At Ashawaug Farm in southwest Rhode Island, Dawn and Cassius Spears are doing more than growing food — they’re keeping centuries of Indigenous agricultural knowledge alive. The couple cultivates three Narragansett heritage crops: white corn, succotash beans and crookneck squash.
While they want to grow their farm’s reach beyond their roadside stand, doing so has proven difficult. Like countless small-scale food producers, the Spears have turned to federal assistance programs for support — only to watch some of those programs get slashed or dramatically reduced under the Trump administration, including U.S. Department of Agriculture initiatives that specifically helped tribal farmers.
Native tribes had been counting on those programs to grow and share culturally meaningful foods within their communities.
“When we go into these federal programs, we’re hoping that they’ll last long enough,” Cassius Spears said. “They usually start out with a good song and dance. And they’re going to last a long time. And then something happens where they get cut.”
During the pandemic, the Biden administration launched two programs designed to help states and tribes buy locally grown food for food banks and schools: the Local Food Purchase Assistance Cooperative Agreement Program (LFPA) and the Local Food for Schools Cooperative Agreement Program (LFS). These initiatives gave farmers — including those from tribal communities — dependable buyers for their goods. Tribal governments also received funding to purchase food from nearby producers and distribute it to their members.
The arrangement allowed tribes to direct federal money straight to small producers, said Carly Griffith Hotvedt, executive director of the Indigenous Food and Agriculture Initiative and a member of Cherokee Nation. The Spears’ farm supplied food to a tribal farm in neighboring Connecticut that was drawing on LFPA funds, following an agreement reached in August 2022.
In some cases, tribes used that funding to source culturally important items like bison meat, specific varieties of berries and wild rice, which were distributed in food boxes to tribal members. For lower-income individuals within those communities, it was often the only realistic way to access those foods, Hotvedt said.
“It wasn’t just commodity foods in that box. It was highly local, traditionally relevant, culturally relevant foods that were included,” Hotvedt said.
In March 2025, the Trump administration’s Agriculture Department shut down both programs, which had together provided more than $1 billion for schools and food banks. Officials said the programs no longer fit the agency’s priorities.

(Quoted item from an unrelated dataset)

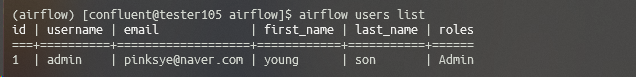 (airflow) [confluent@tester105 airflow]$ airflow users create --username admin --firstname young --lastname son --role A
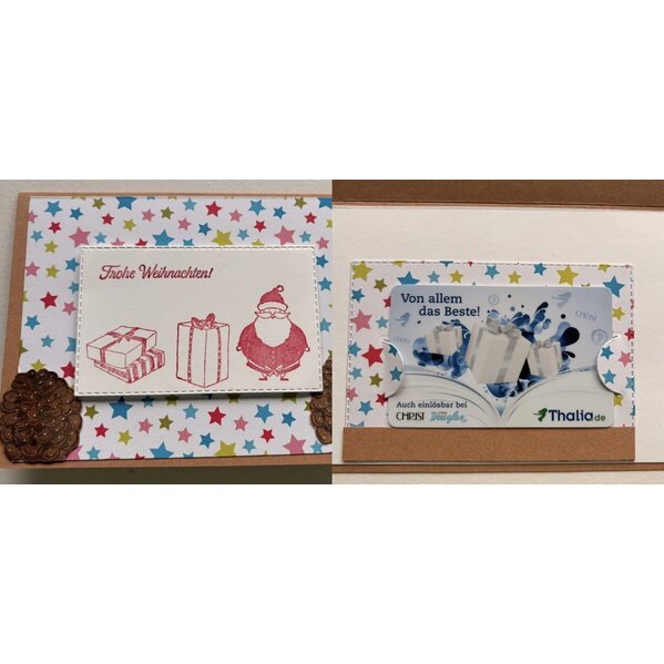 Grußkarte mit Umschlag - auf der Innenseite ist ein Einleger in den sich eine handelsübliche Gutscheinkarte einstecken lässt siehe Startfoto. Die dort zu sehende Gutscheinkarte ist nicht Teil des Angebots - in liebevoller Handarbeit gestempelt und koloriert. Die Karte ist folienverpackt

U.S. Sen. Jack Reed, a Rhode Island Democrat, and Sen. Jim Justice, a West Virginia Republican, have since introduced legislation they say takes the strongest elements of those two programs and builds a lasting grant structure. The bill would let state and tribal governments purchase locally sourced food from nearby producers and channel it to hunger relief organizations and schools in their areas.
Reed expressed concern that the USDA cuts would leave families across the country struggling to put food on the table — and that what food they could access would be less fresh and nutritious.
Reed is pushing to attach the legislation to the Farm Bill, the sweeping multi-year federal law that shapes agricultural and food policy across the country. The House passed its version of the Farm Bill in April, and a Senate committee released a draft in late June. The House version also contains a bipartisan proposal for a permanent program modeled after the Local Food Purchase Assistance program, which would allow states to work through the USDA to build cooperative agreements linking local farmers with food distribution organizations.
Both proposals would reserve 10% of program funding specifically for tribes.
For any new program to truly work, Congress must include mandatory funding so that farmers can plan ahead, buy supplies and hire workers with confidence, said Hannah Quigley, a policy specialist with the National Sustainable Agriculture Coalition. The House version, she noted, would require Congress to approve funding on a yearly basis.
Reed said he’s pushing hard for mandatory funding in the Senate version, arguing that without it, very little actually gets funded — and that farms are already under enormous financial strain. A program that’s only optional, he said, won’t provide the stability farmers need.
“We really want to punch through the existing obstacles for small farmers and Native American farmers,” he said.
Dawn and Cassius Spears want to see Indigenous producers given priority when tribal entities are purchasing food. They also believe that creating dedicated programs accessible directly to Indigenous producers — outside of tribal government channels — would open doors for more Native farmers.
On an early morning at the start of this year’s planting season, Dawn Spears worked beneath the canopy of one of her farm’s high tunnels, carefully separating tiny tomato plants before moving them to an outdoor field. The farm’s name honors the Narragansett word for the river running through town. What began as a small community garden and food sovereignty effort has grown into a 6-acre operation.
Her 9-year-old grandson, Giizhig, wandered in to offer a hand.
“Only if you want to,” Spears told him. “It’s always good to know how to do it, right?”
Passing that knowledge to the next generation is central to her mission. But her culture extends beyond farming — it includes gathering wild foods and protecting the land where those foods naturally grow. She’s working to preserve land near the farm as surrounding development expands, with plans to introduce native plants that can be foraged for food. Federal programs, she said, can also play a role in helping communities secure access to that land.
“If you take a person away from the land that they come from, then it’s like they’re not whole,” she said. “We have to eat the food that’s naturally from that space that we come from.”